Re: [PATCH 5/8] powerpc/64s: implement queued spinlocks and rwlocks

2020-07-03 Thread Michael Ellerman
Nicholas Piggin  writes:
> Excerpts from Will Deacon's message of July 2, 2020 8:35 pm:
>> On Thu, Jul 02, 2020 at 08:25:43PM +1000, Nicholas Piggin wrote:
>>> Excerpts from Will Deacon's message of July 2, 2020 6:02 pm:
>>> > On Thu, Jul 02, 2020 at 05:48:36PM +1000, Nicholas Piggin wrote:
>>> >> diff --git a/arch/powerpc/include/asm/qspinlock.h 
>>> >> b/arch/powerpc/include/asm/qspinlock.h
>>> >> new file mode 100644
>>> >> index ..f84da77b6bb7
>>> >> --- /dev/null
>>> >> +++ b/arch/powerpc/include/asm/qspinlock.h
>>> >> @@ -0,0 +1,20 @@
>>> >> +/* SPDX-License-Identifier: GPL-2.0 */
>>> >> +#ifndef _ASM_POWERPC_QSPINLOCK_H
>>> >> +#define _ASM_POWERPC_QSPINLOCK_H
>>> >> +
>>> >> +#include 
>>> >> +
>>> >> +#define _Q_PENDING_LOOPS(1 << 9) /* not tuned */
>>> >> +
>>> >> +#define smp_mb__after_spinlock()   smp_mb()
>>> >> +
>>> >> +static __always_inline int queued_spin_is_locked(struct qspinlock *lock)
>>> >> +{
>>> >> +smp_mb();
>>> >> +return atomic_read(&lock->val);
>>> >> +}
>>> > 
>>> > Why do you need the smp_mb() here?
>>> 
>>> A long and sad tale that ends here 51d7d5205d338
>>> 
>>> Should probably at least refer to that commit from here, since this one 
>>> is not going to git blame back there.
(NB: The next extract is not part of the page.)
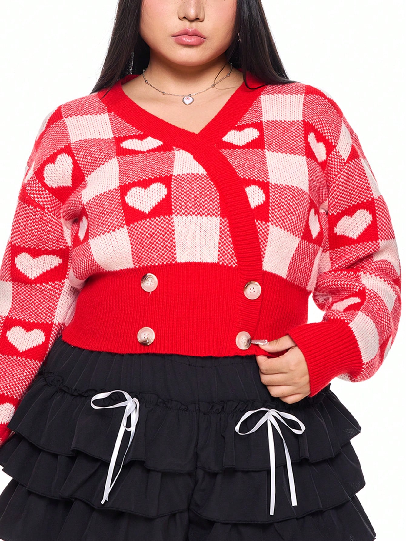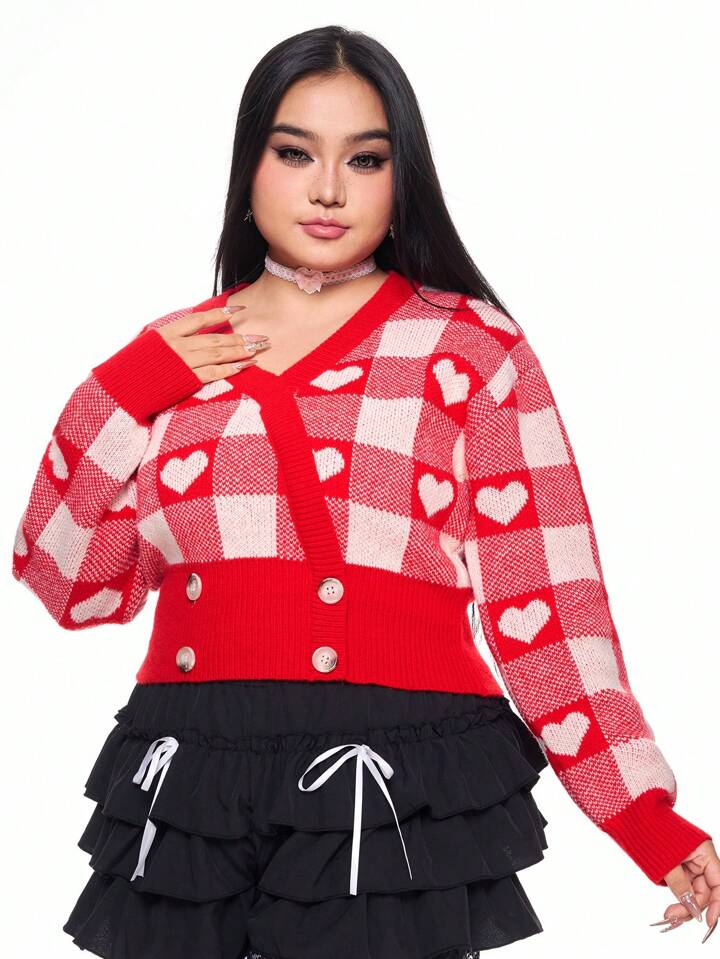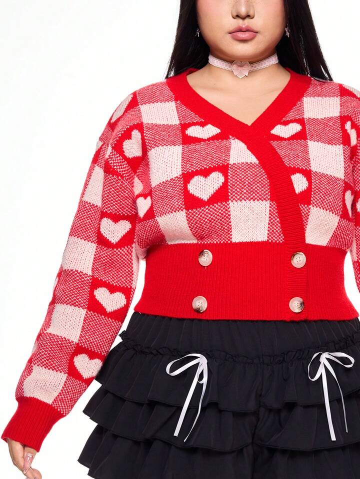 Kawaii Maglione a scollo a V con motivo a cuori e quadretti per San Valentino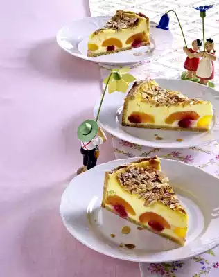 Place a raspberry in each apricot bowl. Place the apricots on the ground with the convexity upwards. Pour the cheese mixture into the mould. Bake in the preheated oven (electric cooker: 175 °C/ convection oven: 150 °C/ gas: see manufacturer) on the 2nd rack from below for 60-70 minutes. Cover with foil after approx. 50 minutes

I'll add something.
>> 
>> Is this still an issue, though?
>> 
>> See 38b850a73034 (where we added a similar barrier on arm64) and then
>> c6f5d02b6a0f (where we removed it).
>> 
>
> Oh nice, I didn't know that went away. Thanks for the heads up.

Argh! I spent so much time chasing that damn bug in the ipc code.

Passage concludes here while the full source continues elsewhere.